Maybe it's the new bras; maybe it's the new blog. Hell, maybe it's Maybelline. But last night my DH - actually, I find that far too cutesy. Please be advised that, depending on my mood, the D can stand for 'damn', 'dumbass', OR 'darling'. Or any number of things, I'm pretty creative that way.
Last night, my DH asked me, very gently and sincerely, if I am having an affair. Now this is generally not the appropriate response - I know he is just seeking affirmation of my love, blah blah blah, and I should be supportive and loving - but I said, "Oh, yeah. In allll my spare time, right?" Wait - what's that dripping sound? You guessed it: sarcasm. But seriously, with two kids, a mild home-cleanliness obsession, dinners to cook, blogs to write, Facebook to check, honestly: who has time?
So: seven signs your wife is NOT having an affair.

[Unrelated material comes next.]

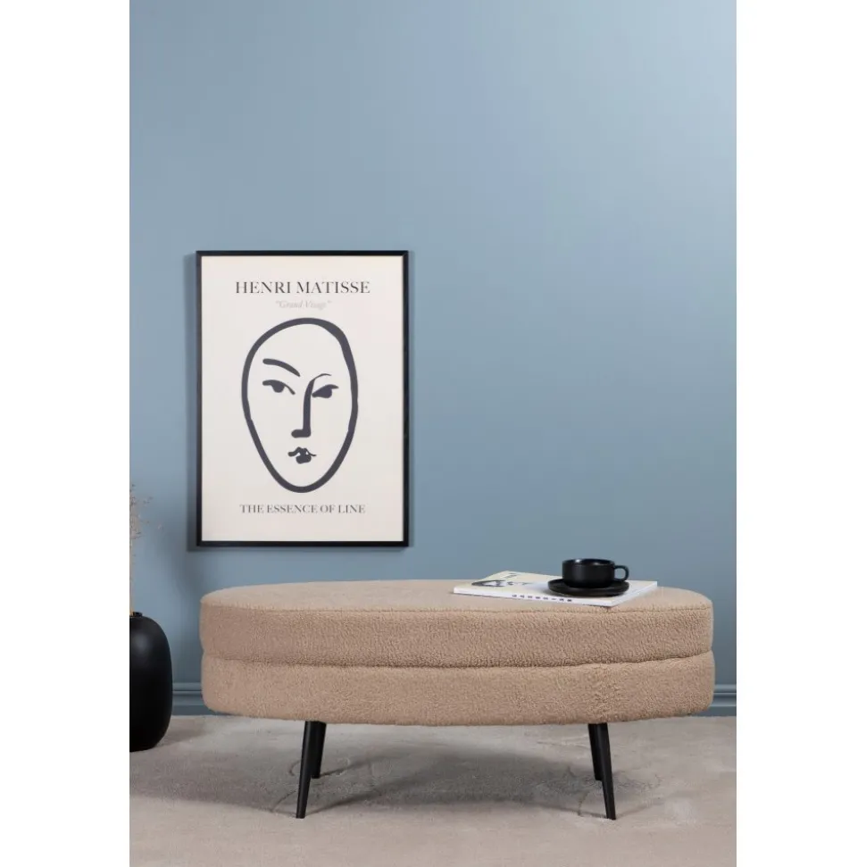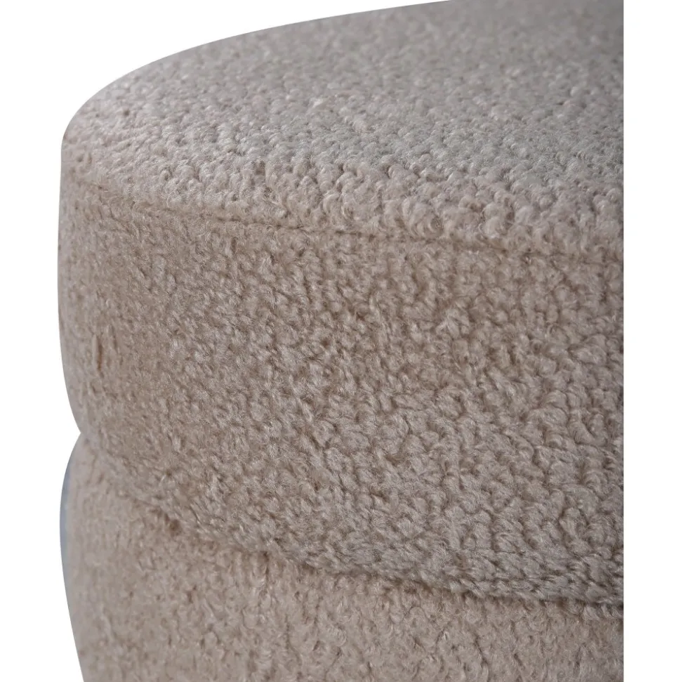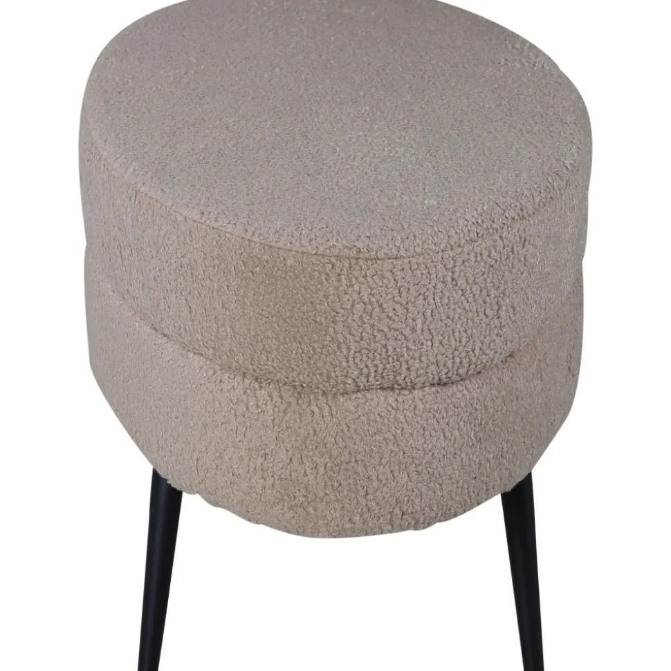 Sittpuff av trä och stål, klädd med polyestertyg.

1. She claims to be going to the gym, but then leaves the house dressed in (get this!) unflattering gym clothes, no makeup and stinky runners and returns home sweaty, tired, and able to do more push-ups than you. (Ouch! Little jab there, dear.)
2. She receives no mysterious phone calls, and in fact: no phone calls at all!
3. She says she's "just checking her Facebook", but when you sneak a peek at her computer you find her checking her Facebook! Maybe even playing WordTwist!
4. After having at best an ... er ... relaxed approach to leg hair removal over the past several years, she starts to not shave her legs! Just like before!
5. She claims to be "taking the kids to see a movie" or "pick up a few things at the grocery store", and then takes the kids to see a movie! Or returns home with groceries! Oh, the humanity!
6. The bra-delivery man turned out to be totally fugly. And the mailman's a woman. Also fugly.
7. She hasn't actually left the house for longer than a half-hour without a screaming infant in tow for nearly a year.
So rest easy, my damn, darling husband. You're the only one for me.